◆ Problem
Stop after the line that contains "несмотря ни на". Until then, retype each line of the entries exactly from the first one, skipping pictures.

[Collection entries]

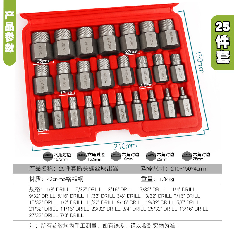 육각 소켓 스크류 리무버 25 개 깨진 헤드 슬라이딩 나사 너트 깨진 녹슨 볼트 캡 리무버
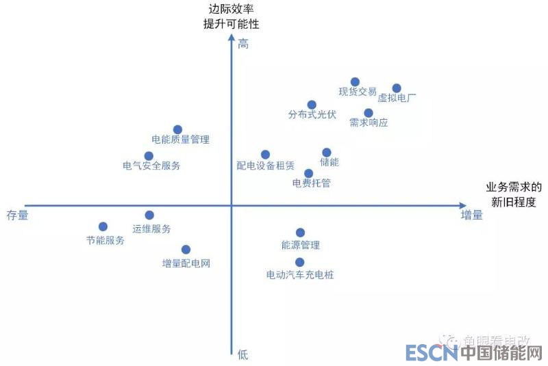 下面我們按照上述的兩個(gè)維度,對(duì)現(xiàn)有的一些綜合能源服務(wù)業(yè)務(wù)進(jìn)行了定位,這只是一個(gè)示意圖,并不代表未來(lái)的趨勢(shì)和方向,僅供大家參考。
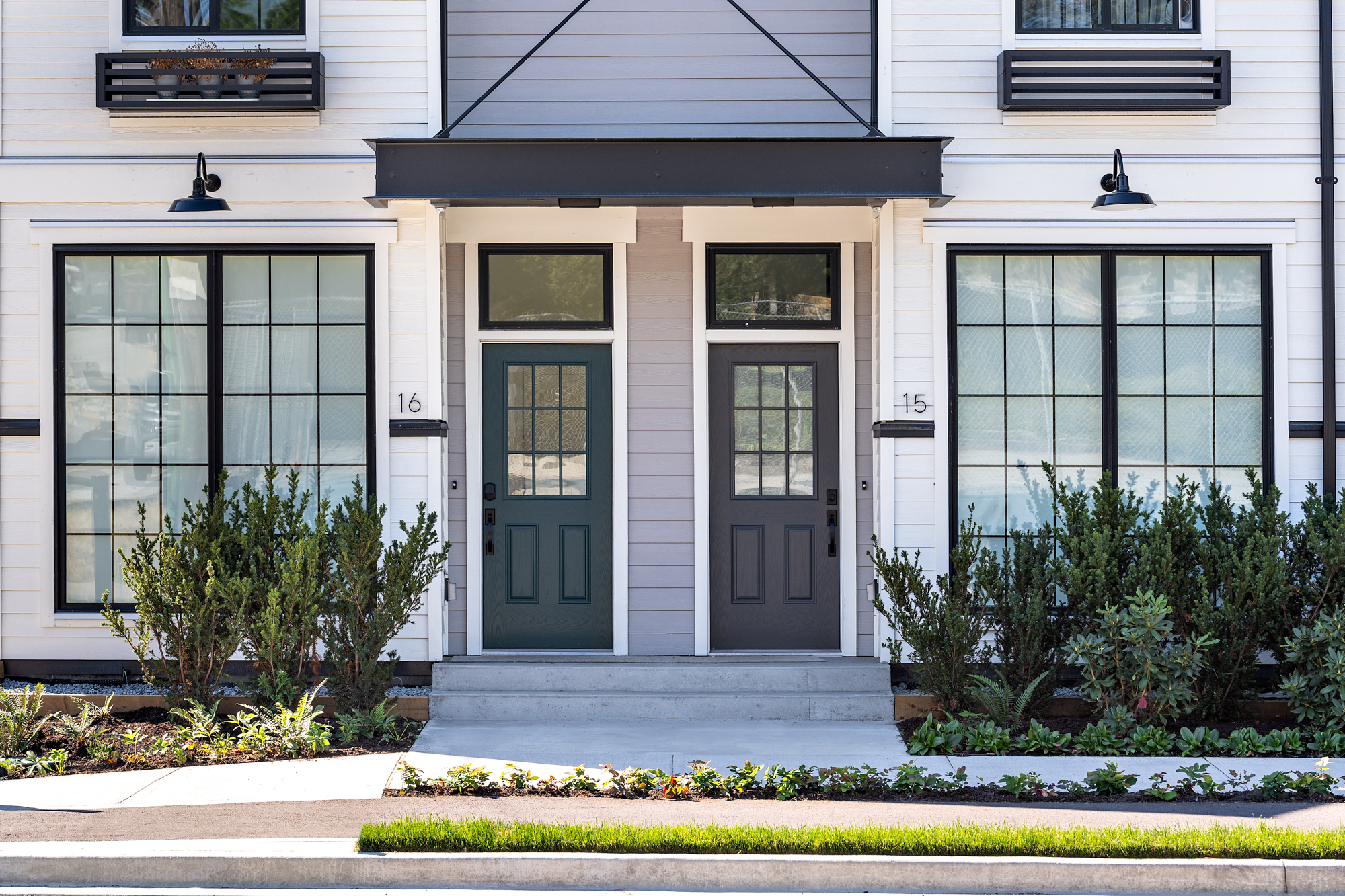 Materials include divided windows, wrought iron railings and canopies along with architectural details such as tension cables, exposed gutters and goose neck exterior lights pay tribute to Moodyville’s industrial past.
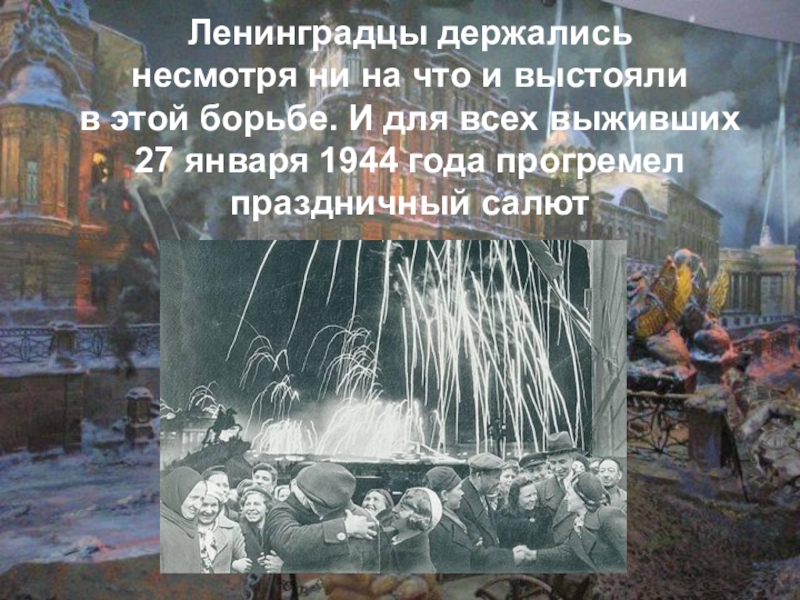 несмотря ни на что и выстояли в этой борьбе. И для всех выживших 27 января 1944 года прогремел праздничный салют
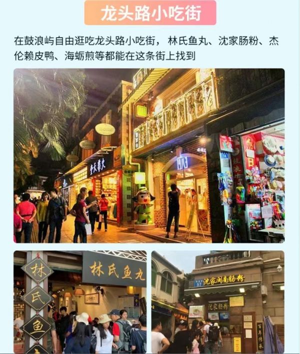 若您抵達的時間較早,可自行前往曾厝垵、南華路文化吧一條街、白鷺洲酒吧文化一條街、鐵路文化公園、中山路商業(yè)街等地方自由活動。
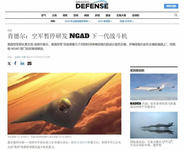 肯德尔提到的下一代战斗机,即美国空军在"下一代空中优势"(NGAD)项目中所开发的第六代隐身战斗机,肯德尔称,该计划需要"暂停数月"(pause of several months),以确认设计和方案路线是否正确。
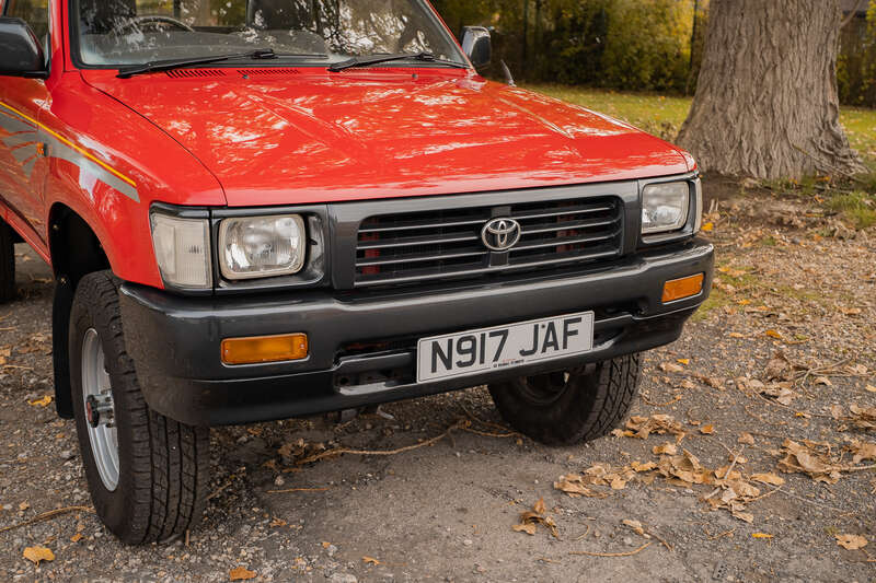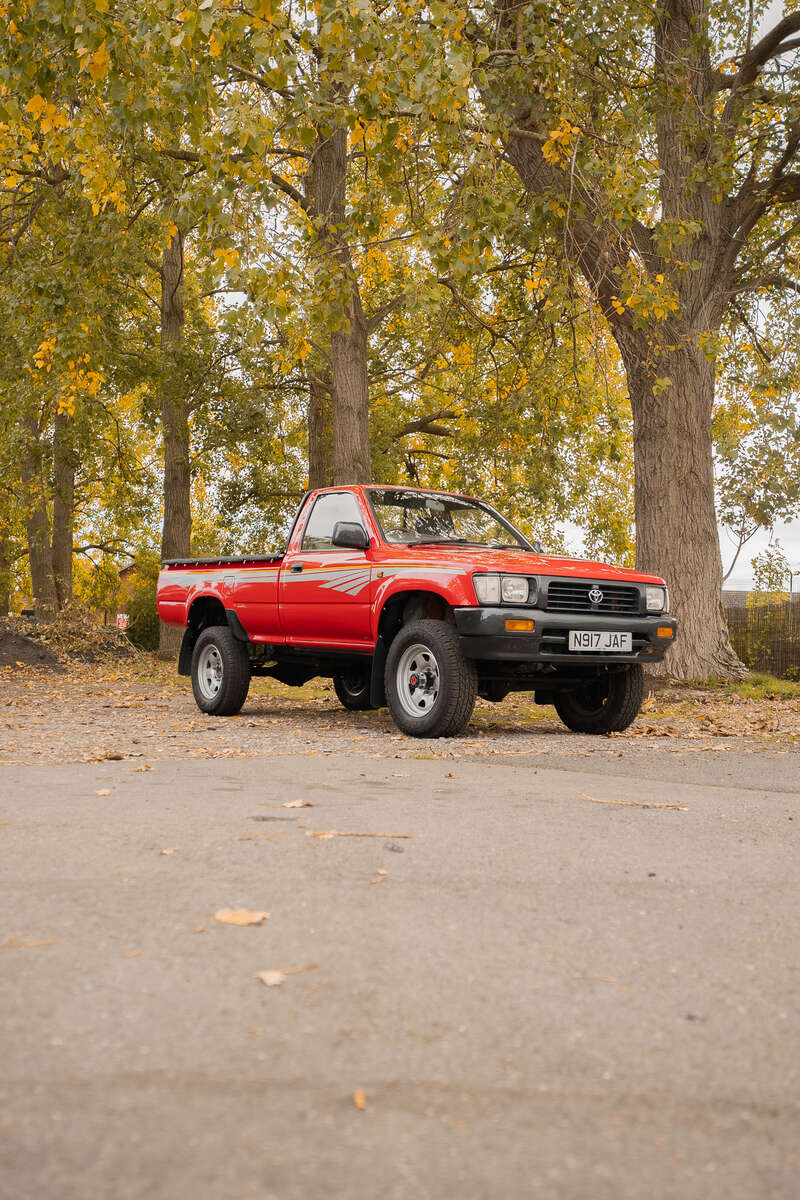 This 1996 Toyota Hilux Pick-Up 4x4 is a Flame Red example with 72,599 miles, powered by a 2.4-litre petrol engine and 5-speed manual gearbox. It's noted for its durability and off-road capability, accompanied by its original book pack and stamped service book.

◆ Your response
 육각 소켓 스크류 리무버 25 개 깨진 헤드 슬라이딩 나사 너트 깨진 녹슨 볼트 캡 리무버
 下面我們按照上述的兩個(gè)維度,對(duì)現(xiàn)有的一些綜合能源服務(wù)業(yè)務(wù)進(jìn)行了定位,這只是一個(gè)示意圖,并不代表未來(lái)的趨勢(shì)和方向,僅供大家參考。
 Materials include divided windows, wrought iron railings and canopies along with architectural details such as tension cables, exposed gutters and goose neck exterior lights pay tribute to Moodyville’s industrial past.
 несмотря ни на что и выстояли в этой борьбе. И для всех выживших 27 января 1944 года прогремел праздничный салют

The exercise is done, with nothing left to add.